○作り方
手に入った材料を目分量で混ぜ合わせます。いい加減で結構ですが、水分含量に注意して、パラパラする程度になるなら、あとは思い切って混ぜましょう。ここに発酵菌を混ぜてやります。発酵菌だけは均一に混ぜなければいけないので、混ぜ方をいっておきます。
(1)発酵菌剤が乾燥粉末の場合には
まず、乾燥粉末の発酵菌剤と、その10倍くらいの乾燥した発酵材料の有機物を混ぜ合せます。一度に有機物と混ぜるとうまく混ざりません。つまり薄めてやるわけです。
それを大量(10倍くらい)の有機物に加えて混ぜ合せ、仕込むのです。発酵菌が手に入りにくければ、肥沃で作物がよくできる、生きた作土を混ぜてもよいでしょう。
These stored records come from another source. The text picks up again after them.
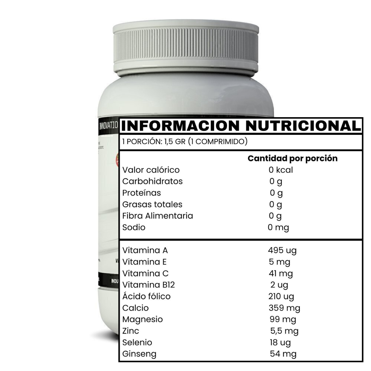 Suplemento dietario a base de vitaminas, minerales y ginseng. Libre de gluten (sin tacc).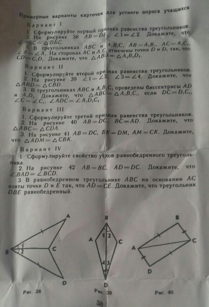 1 Если две стороны и угол между ними одного треугольника соответственно равны двум сторонам и углу между ними другого треугольника, то эти треугольники равны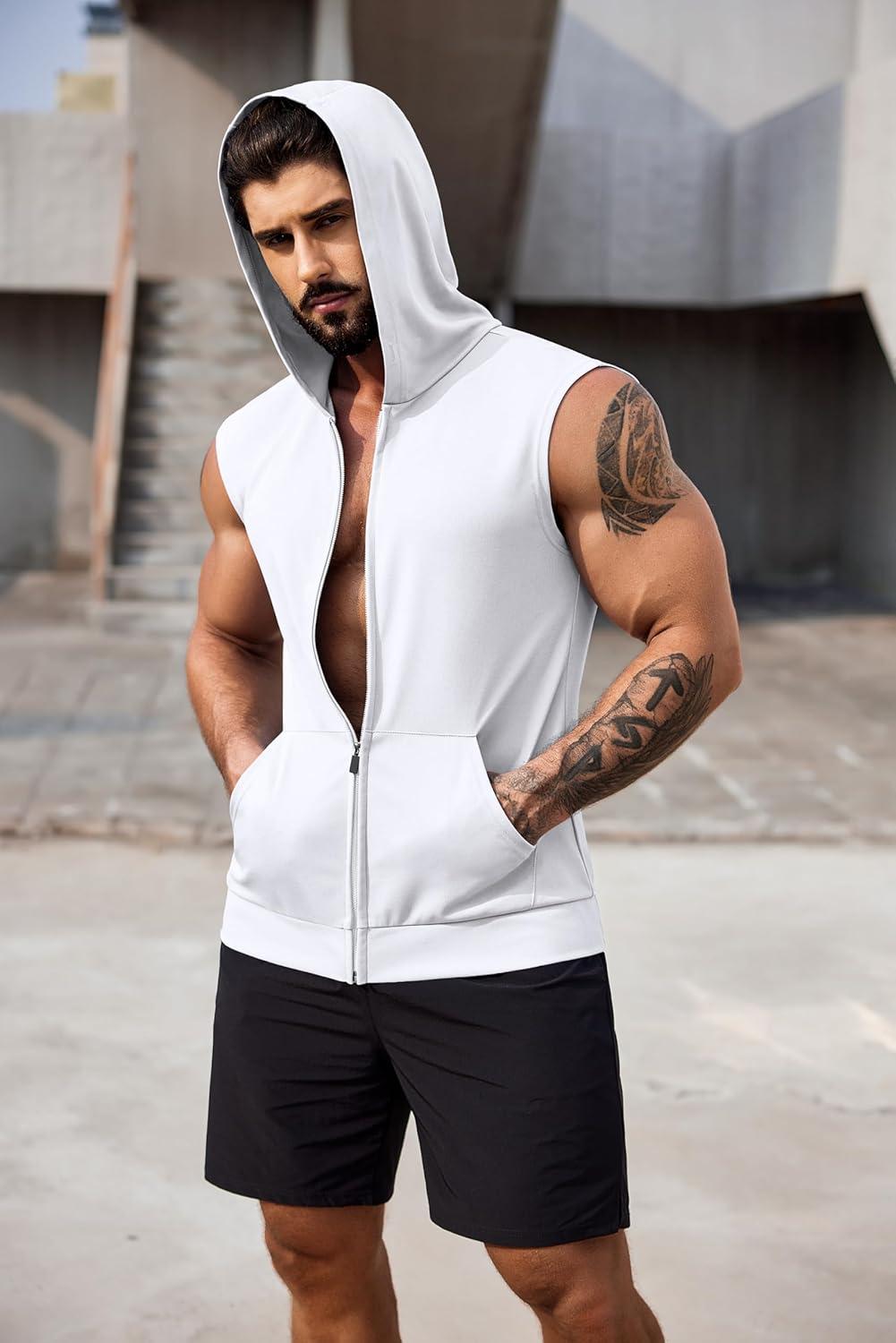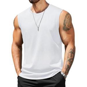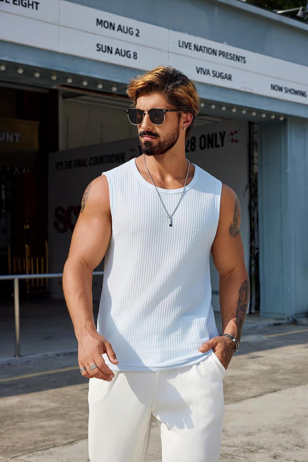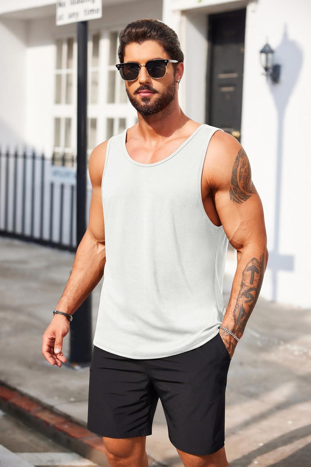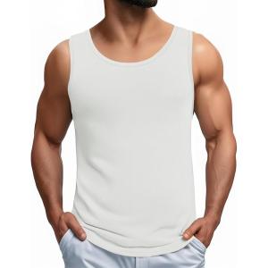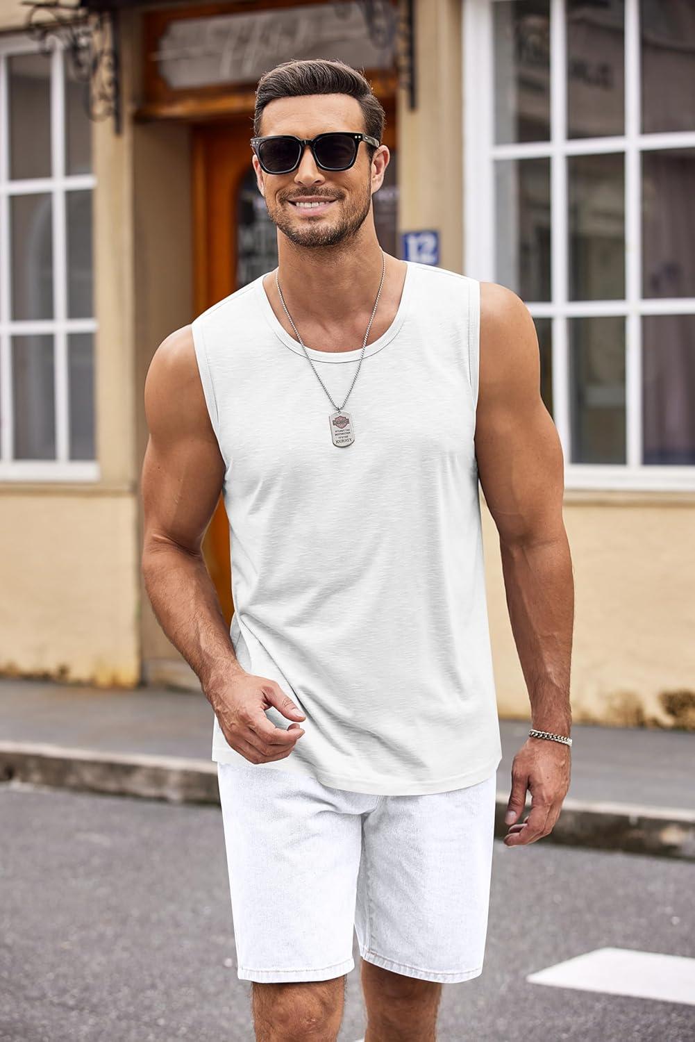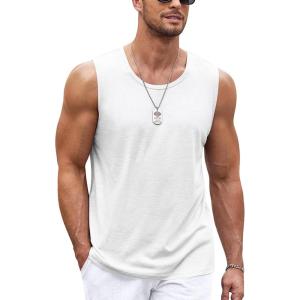 COOFANDY Mens Tank Tops Summer Beach Sleeveless Muscle Shirts Casual Knit Tanks Workout Gym Tee(White)

これは土こうじともいっています。土着菌を活用する方法です。
(2)発酵菌剤が液体の場合には
液体を水で100倍か200倍ほどに薄めます。これを手押しポンプのついた噴霧器や動力噴霧器に入れて、ボカシ材料に噴霧し、全体に発酵菌を混ぜるのです。
噴霧器を使う理由は、薄めた液にウヨウヨいる微生物をボカシ材料へ均一にかけてやるためです。注意したように、水が多いとうまくいきませんから、こんな程度の散布でいいのかな、と思う程度で結構です。ほんのお湿りでよいのです。
○仕込みは?
仕込みは雨の当たらないところ、直射日光があってもかまいません。土嚢袋に詰めるかブルーシートに広げるかしてください。土嚢袋に詰めた場合は隙間を少しあけて並べるとよいでしょう。シートに広げるなら、厚みは工夫が必要です。夏なら50センチまで、気温が低ければ厚めに積んでください。発酵温度は熱めの風呂を目安に、アチチと感じる程度が限界です。
切り返しは、気になればしましょう。めんどうくさい方は切り返しをしなくても結構です。ボカシ肥のでき上る目安は、夏場なら10日前後、春秋なら2週間、冬なら1ヶ月です。「発酵の終点がわからない」と、よく質問されますので、目安をいっておきます。発酵は何回もおこります。発酵が終って次の発酵がはじまる前に少し温度が下がります。発酵は、こうして何回も温度が上がったり下がったりするのですが、最初の発酵温度が下がったときで、ボカシ肥の仕込みは完成です。それもわからなくて面倒だという方は、さきほど書いた期間を目安にすれば、それで結構です。むつかしい発酵の条件などはまったくいりません。
発酵を止めるには乾燥させればよいのです。そのままで1年は使えます。土嚢袋の長所は袋が通気性なので、発酵しながら熱で勝手に乾燥するのです。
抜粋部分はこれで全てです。